Instructions for the task -> Set down the whole listing below exactly. The pictures stay out.

Provided material ->
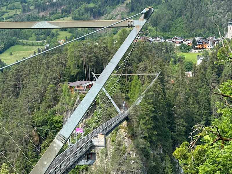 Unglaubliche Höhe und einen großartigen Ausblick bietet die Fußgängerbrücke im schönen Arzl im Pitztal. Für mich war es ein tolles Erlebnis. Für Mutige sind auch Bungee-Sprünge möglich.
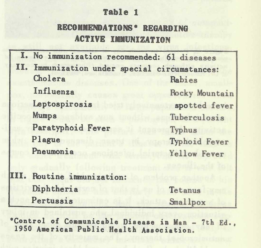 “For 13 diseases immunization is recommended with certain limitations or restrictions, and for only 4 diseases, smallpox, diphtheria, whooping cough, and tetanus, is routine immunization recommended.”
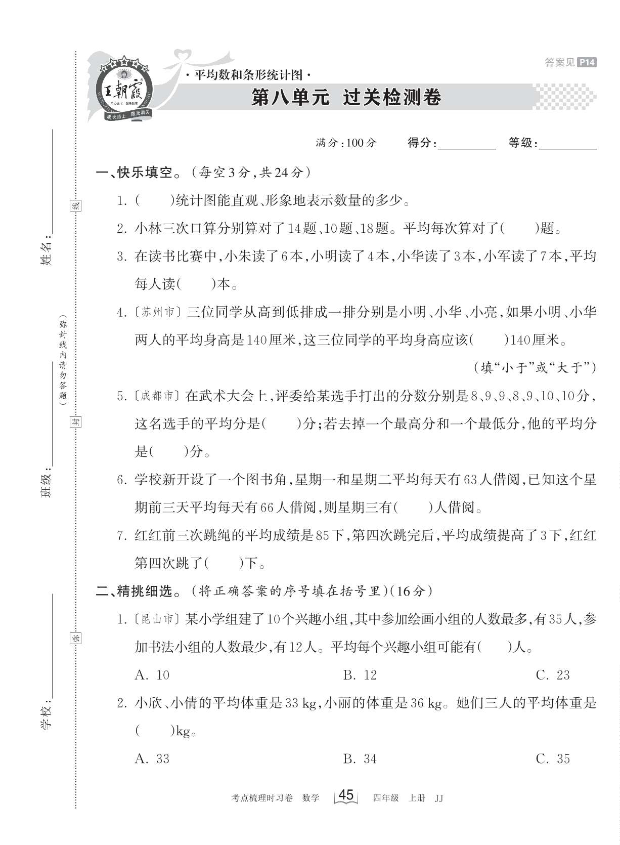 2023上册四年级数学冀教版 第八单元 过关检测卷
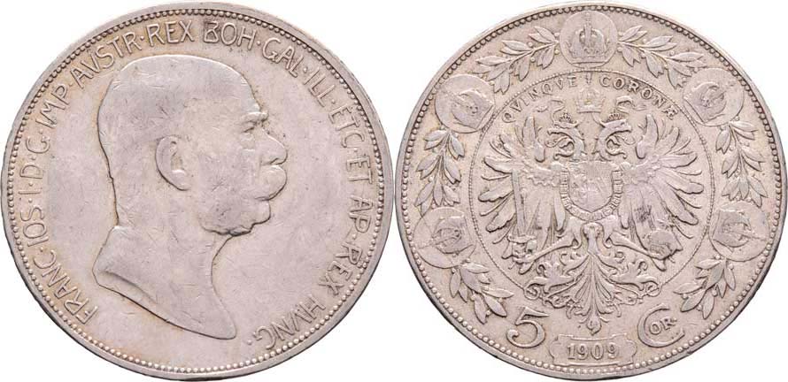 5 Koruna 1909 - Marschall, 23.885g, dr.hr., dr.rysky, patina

Result for this exercise ->
 Unglaubliche Höhe und einen großartigen Ausblick bietet die Fußgängerbrücke im schönen Arzl im Pitztal. Für mich war es ein tolles Erlebnis. Für Mutige sind auch Bungee-Sprünge möglich.
 “For 13 diseases immunization is recommended with certain limitations or restrictions, and for only 4 diseases, smallpox, diphtheria, whooping cough, and tetanus, is routine immunization recommended.”
 2023上册四年级数学冀教版 第八单元 过关检测卷
 5 Koruna 1909 - Marschall, 23.885g, dr.hr., dr.rysky, patina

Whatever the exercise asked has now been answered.